(Listed records)

::::

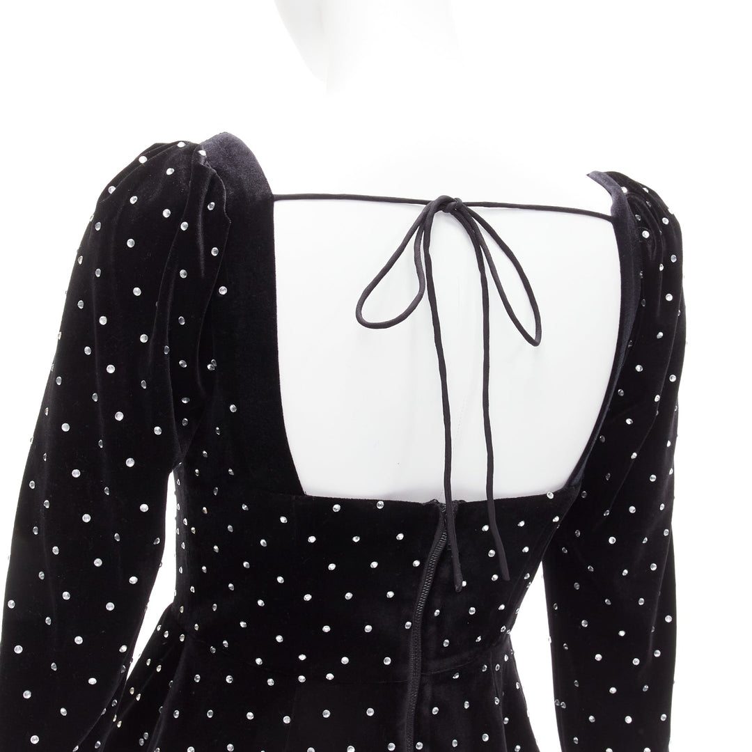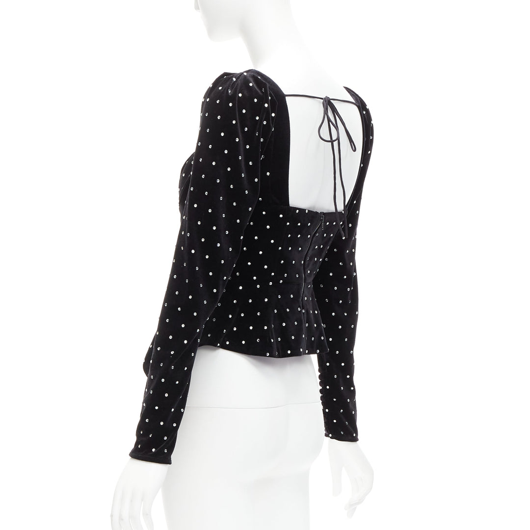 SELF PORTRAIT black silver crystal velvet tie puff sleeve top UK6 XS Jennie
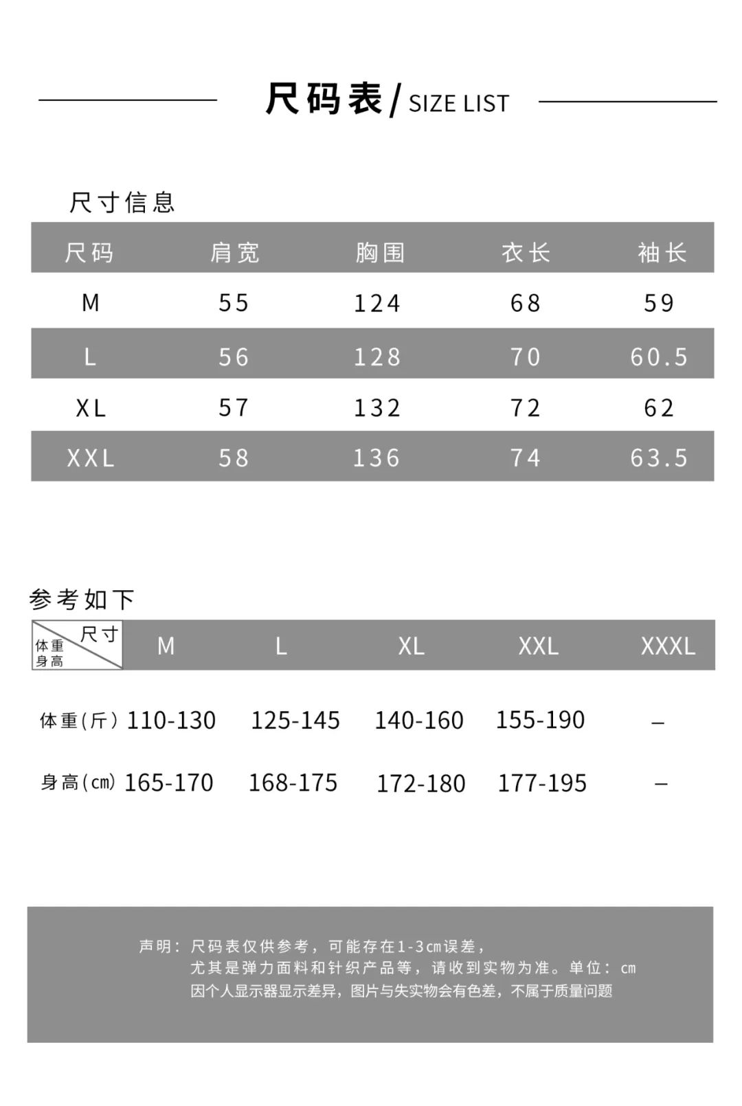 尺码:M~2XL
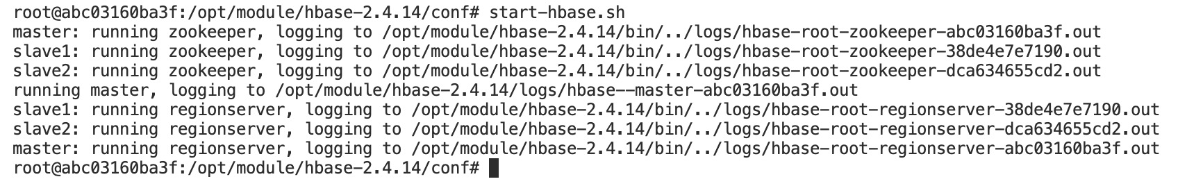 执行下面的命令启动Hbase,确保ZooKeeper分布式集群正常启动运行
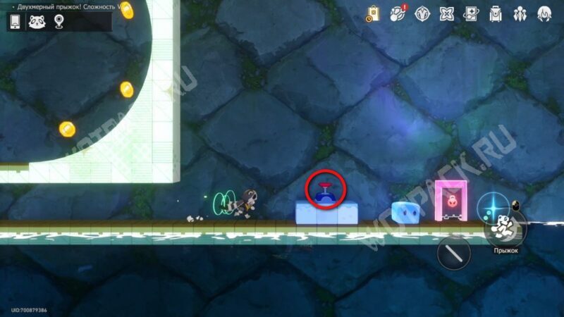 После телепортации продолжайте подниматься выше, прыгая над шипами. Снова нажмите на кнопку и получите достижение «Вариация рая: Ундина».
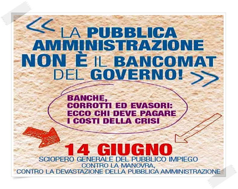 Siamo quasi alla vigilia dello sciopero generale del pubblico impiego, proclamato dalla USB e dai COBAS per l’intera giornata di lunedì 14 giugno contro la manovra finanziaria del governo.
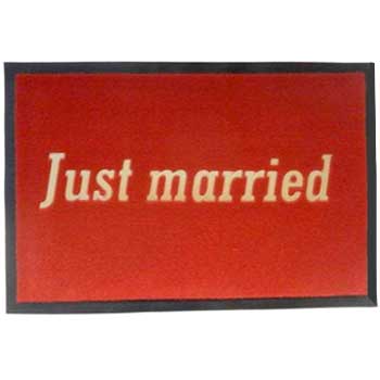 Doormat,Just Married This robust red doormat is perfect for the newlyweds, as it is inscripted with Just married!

::::

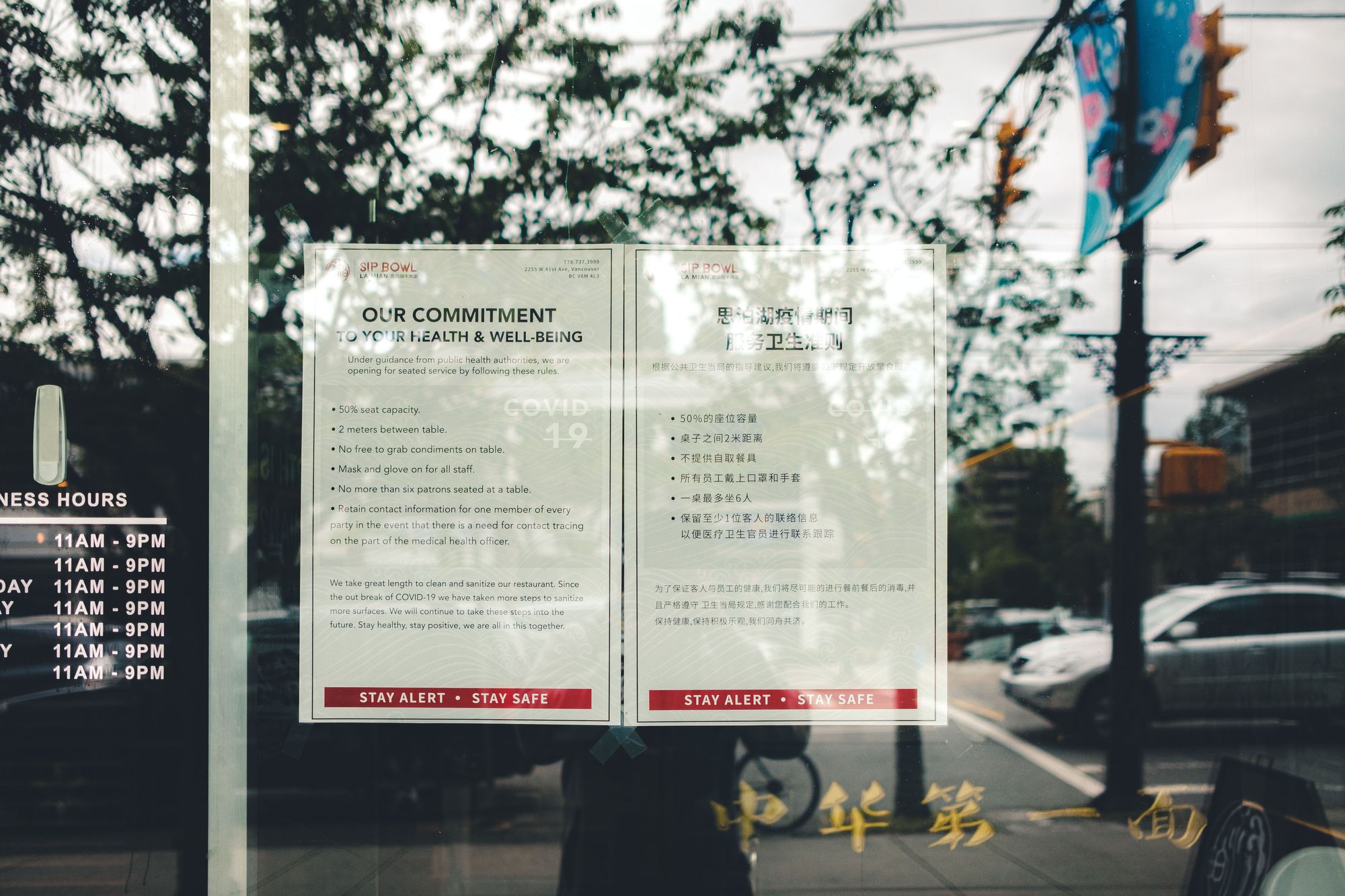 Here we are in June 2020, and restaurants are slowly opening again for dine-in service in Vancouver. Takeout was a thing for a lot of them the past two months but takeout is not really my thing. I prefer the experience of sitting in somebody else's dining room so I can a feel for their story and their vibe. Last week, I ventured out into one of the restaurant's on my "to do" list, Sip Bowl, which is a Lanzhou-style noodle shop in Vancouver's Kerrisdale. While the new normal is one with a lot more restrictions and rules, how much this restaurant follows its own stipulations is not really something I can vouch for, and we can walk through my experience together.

::::

Repeat only the stretch of data above that runs from the line with "执行下面的命令启动Hbase,确保ZooKeeper分布式集群正常启动运行" to the line with "После телепортации продолжайте". Keep both end lines; exclude pictures.

 执行下面的命令启动Hbase,确保ZooKeeper分布式集群正常启动运行
 После телепортации продолжайте подниматься выше, прыгая над шипами. Снова нажмите на кнопку и получите достижение «Вариация рая: Ундина».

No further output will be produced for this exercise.